Carers do it tough under Coalition-of-the-Willing HoWARd

“Creating Choice: Employment and the cost of caring”, launched by the Taskforce on Care Costs (TOCC) on 24 February 2005 in Sydney, calls on the Government to improve financial support for carers to give them real choice about working and caring, and thus improve flow on effects for business and the national economy. The report shows more than one in four workers with caring responsibilities have already reduced their working hours due to the high cost of care, and 25 per cent have considered leaving the workforce altogether. Juliet Bourke, Chair of TOCC said

“Forcing people to chose between work and care is not good for workers, their dependents, business or the national economy”.

The report observed that the Government has identified increasing levels of workforce participation as a key strategy for Australia’s future economic prosperity. Bourke said:

“Enabling carers to work to their optimal level will help achieve the Government’s objective of increasing workforce participation. It will increase taxation contributions, reduce government outlays and minimise skill wastage. This is a win-win situation”.

The report observed that the Government’s current financial support for workers with caring responsibilities is minimal, behind international best practice and narrowly focused (ie primarily on young children). TOCC’s survey found that a focus on children neglects the 20% of workers who care for elders and people with a disability. Bourke said

“We encourage the Government to be proactive about supporting workers with caring responsibilities.”

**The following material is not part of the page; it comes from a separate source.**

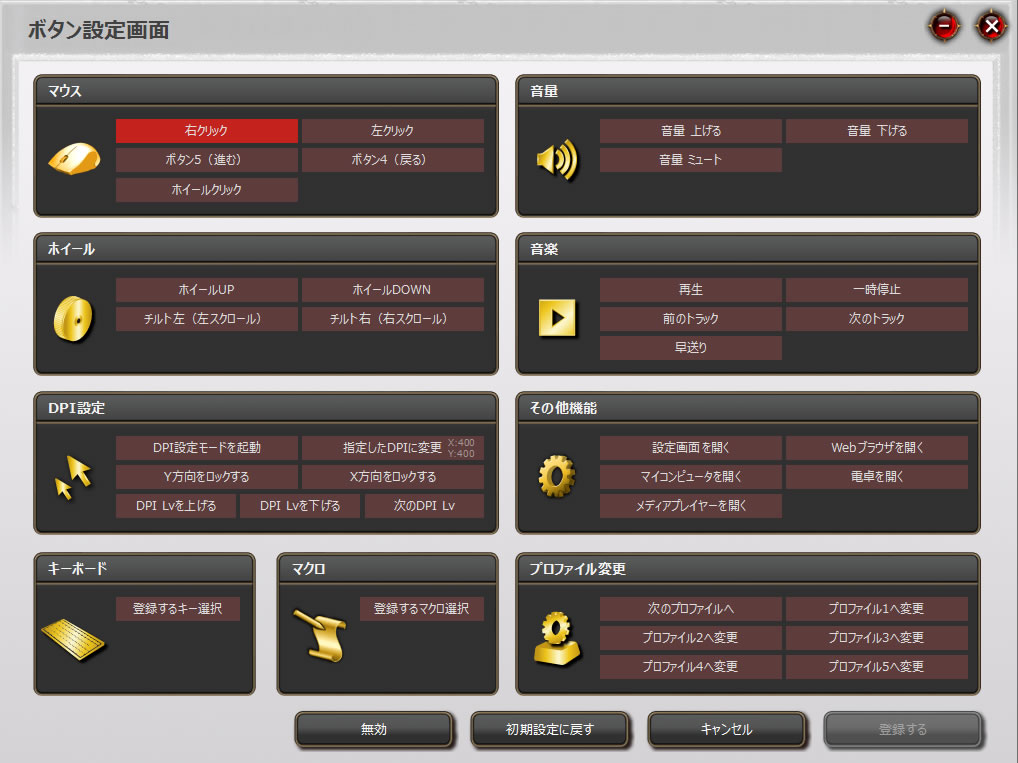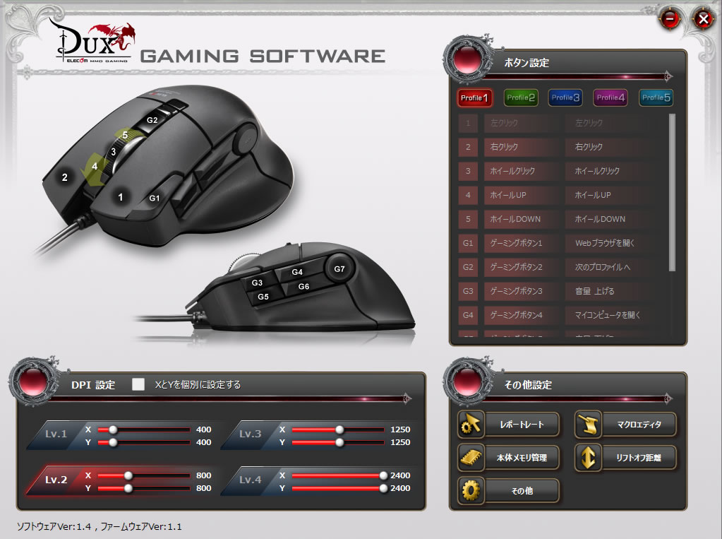 しかも、仕事用のボタン設定、ゲーム用のボタン設定などを作り、それらをマウスのボタン一つで5つまで切り替えられます。

TOCC recommends that the Government:

1. Immediately draft legislation (for consultation) to implement its promised 30% rebate for care costs;
2. Extend the child-care rebate to cover elder and disability care costs;
3. Extend the 30% rebate to a more meaningful level (ie closer to a dollar for dollar rebate) and remove the proposed $4000 cap; 4. Introduce reforms to assist the cost of care in combination with a strategy to improve the accessibility and quality of care;
5. By June 2006 release a public report identifying the steps it has taken to implement the Taskforce’s recommendations.

I hope that HoWARd et al considers this data as he pushes through industrial relations reform with his compliant Senate.